■ **Instructions to follow**: Could you set down exactly the lines in the records below between the line holding "HomeRezeptePasta mit Thunfisch-Pesto, Pistazien" and the line holding "Секс с соседкой, пока она за компом", inclusive?

___ Data under study

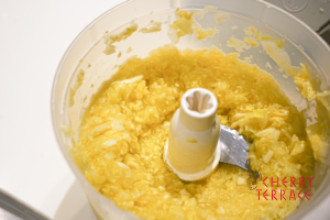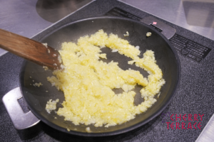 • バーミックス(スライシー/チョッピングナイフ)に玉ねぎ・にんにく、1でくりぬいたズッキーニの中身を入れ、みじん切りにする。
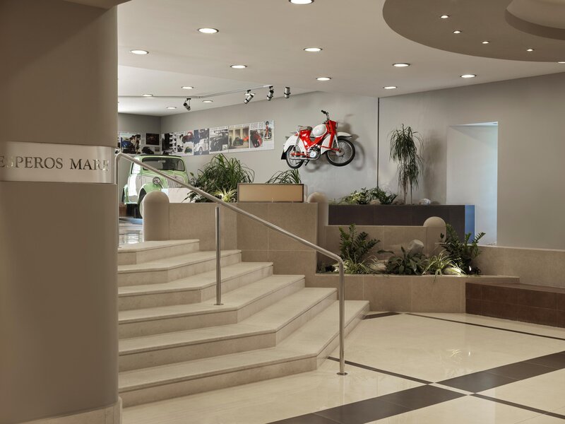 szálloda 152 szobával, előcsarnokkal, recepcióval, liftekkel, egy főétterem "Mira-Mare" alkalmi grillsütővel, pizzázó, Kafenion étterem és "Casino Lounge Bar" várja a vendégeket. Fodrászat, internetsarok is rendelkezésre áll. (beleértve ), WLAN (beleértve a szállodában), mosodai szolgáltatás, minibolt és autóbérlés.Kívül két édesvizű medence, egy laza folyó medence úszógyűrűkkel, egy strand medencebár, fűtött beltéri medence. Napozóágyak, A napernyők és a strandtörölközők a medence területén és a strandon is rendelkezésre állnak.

______
___ Data under study

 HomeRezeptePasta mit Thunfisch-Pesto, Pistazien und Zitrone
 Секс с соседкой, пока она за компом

______

■ **Your response**:
 HomeRezeptePasta mit Thunfisch-Pesto, Pistazien und Zitrone
 Секс с соседкой, пока она за компом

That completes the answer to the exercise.